# Hunting > The Magazine >  Tuhoe Banish Hunters

## Scribe

Front Page of Todays Waikato Times.

Hunters with Department Of Conservation-issued permits have been kicked out of the Urewera Ranges as Tuhoe flexes its muscles after regaining control of the National Park. Hunting in Te Urewera National Park has been suspended indefinitely and all DOC permits to hunt or run pig dogs in the area are now void.

The dramatic changes come on the heels of the Te Urewera act in which Te Urewera's status as a National Park was rescinded and management ceded to the new Te Urewera Board a joint Crown owned Tuhoe partnership.

Doc communications and engagement adviser Robert Orchard said permits to hunt Te Urewera National Park were no longer available.

"We're not issuing permits. DOC hunting permits are not being recognised by the board that's all I can say". ............

----------


## sakokid

So there is going to be a bunch of people hunting there soon with no permits it take it.
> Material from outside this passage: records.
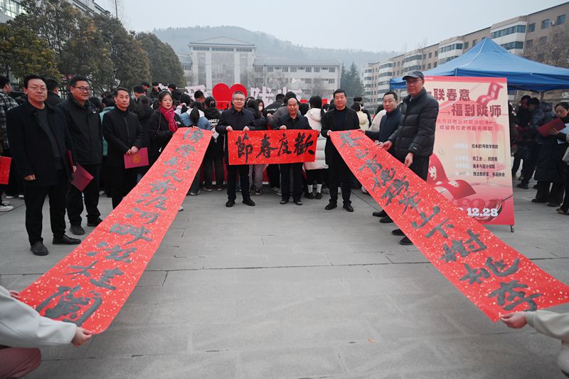 12月28日,学校举行“一联春意,福到陇师”弘扬传统节日赠对联活动。党委书记张弢,副校长张建辉、王胜青,纪委书记、监察专员镡旭东,工会、团委、美术与设计学院师生共计100余人参加了活动。副校长任永峰主持活动。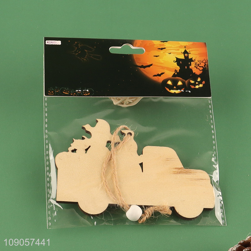 High Quality Halloween Wooden Hanging Decorations Wooden Pumpkin Car with Rope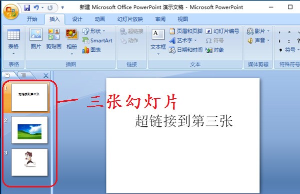 1、打开ppt2010文档,提前做好了三张幻灯片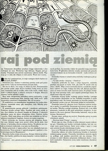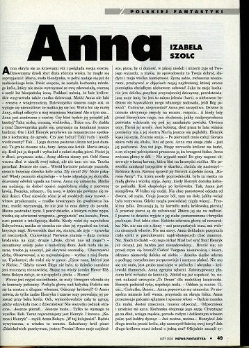 Гжегож Щепаняк/Grzegorz Szepaniak знакомит читателей журнала с новым романом польского писателя Феликса Креса «Брошенное королевство» (Feliks W. Kres “Porzucone królestwo”. “MAG”, 2002), в которой ему не нравится пессимизм автора, прямо-таки предрекающего гибель Шереру – сконструированному им ранее миру;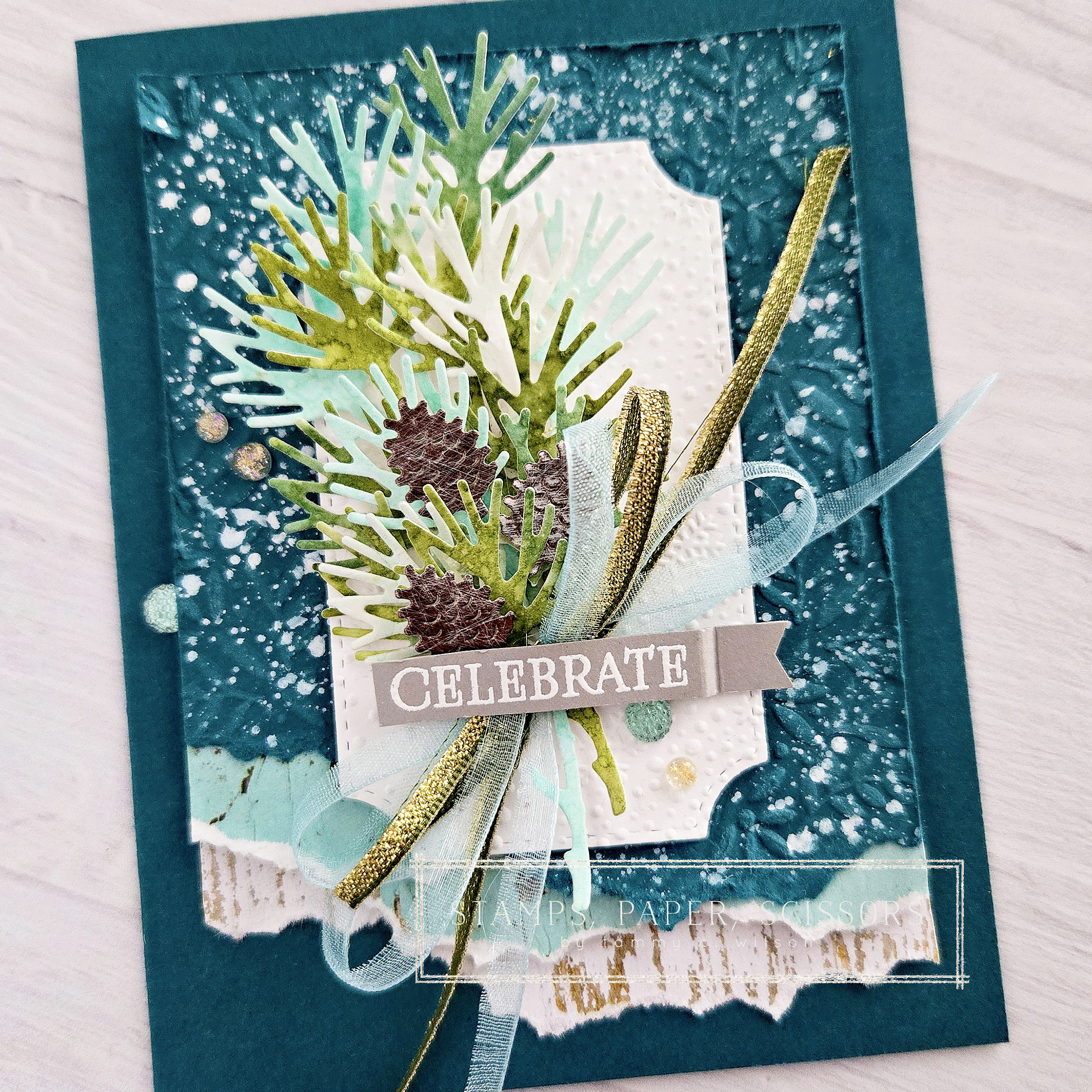 To create the branches, I used Blending Brushes to add Coastal Cabana, Lost Lagoon, and Mossy Meadow to Basic White Thick Cardstock. Next, I used a Water Painter to splatter water droplets. After I dried the paper with a Heat Tool, I used one of the Branching Out Dies to cut out several branches. To create the pinecones, I sanded the Earthen Tone Metallic Specialty Paper with a nail buffing block, then cut out the pinecones with one of the Branching Out Dies.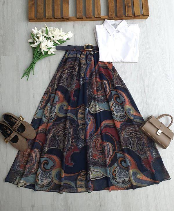 ULGEN SULU DESEN DERİ KEMERLİ BELİ LASTİKLİ ASTARLI ŞİFON ETEK 6113-12-LACİVERT

I may be one of them.

----------


## cambo

I just started a similar thread  :Have A Nice Day: 

Here's the paper link...
Tuhoe banishes hunters in Urewera | Stuff.co.nz

----------


## Pengy

My thinking is that as they (DOC) have not notifies permit holders of the situation, then any current permit must be biding. 
I realise that if faced with a bunch of aggrieved locals, this is not really going to carry any weight, but legally, it must stand

----------


## scottrods

Clyde Grafs FB page this week had a quote from TH management. THey said they are working out a new process, since DOC permits no longer apply, the system to manage hunters will be by permit too (eventually) as per this page Governance and Management : Tuhoe. 

I expect it wouldn't take much for them to start charging access.  

One good thing is they won't be supporting a 1080 dump in the Urewares.

----------


## nelpop

Anything to make a buck. It didnt take them long to stop hunting via permits issued by DOC.  I  see that no new concession will be issued until April 2015. Is this in relation to hunting permit? I was planing a trip down that way with a permit so I guess it will now be planed without a permit.

----------


## mcche171

Bet you will be allowed in if you pay them a nice sum. Tuhoe being tutoe

----------


## Rushy

I think it highly likely that hunting access will be issued on a user pays basis and personally I do not struggle with Tuhoe doing so if it is properly administered and the charges are fair and equitable.  The crown in giving the management of Te Uruwera back to Tuhoe as part of the settlement with them acknowledged that Tuhoe never gave up their up their ownership of Te Uruwera and never were a party to the Treaty of Waitangi.  As much as I am a strong advocate for a non discriminatory, classless, one nation New Zealand, my feeling is that they have the right to treat the area in the same way that any other owner of private land can and that they equally have the right to either allow free access or to charge a fee.  We may not like it but mark my words "so it will be".

----------


## EeeBees

It was a given that this would be the outcome.

----------


## NZHTR

Good on them it is there land ,it will still be hunted by NZers in which in the near future we may or may not be charged for the permits ,nothing wrong with user pays ..

----------


## distant stalker

Pretty emotive title, the trustee group hasn't appointed somebody to the position that will take care of permits yet.

----------


## kiwijames

> Pretty emotive title, the trustee group hasn't appointed somebody to the position that will take care of permits yet.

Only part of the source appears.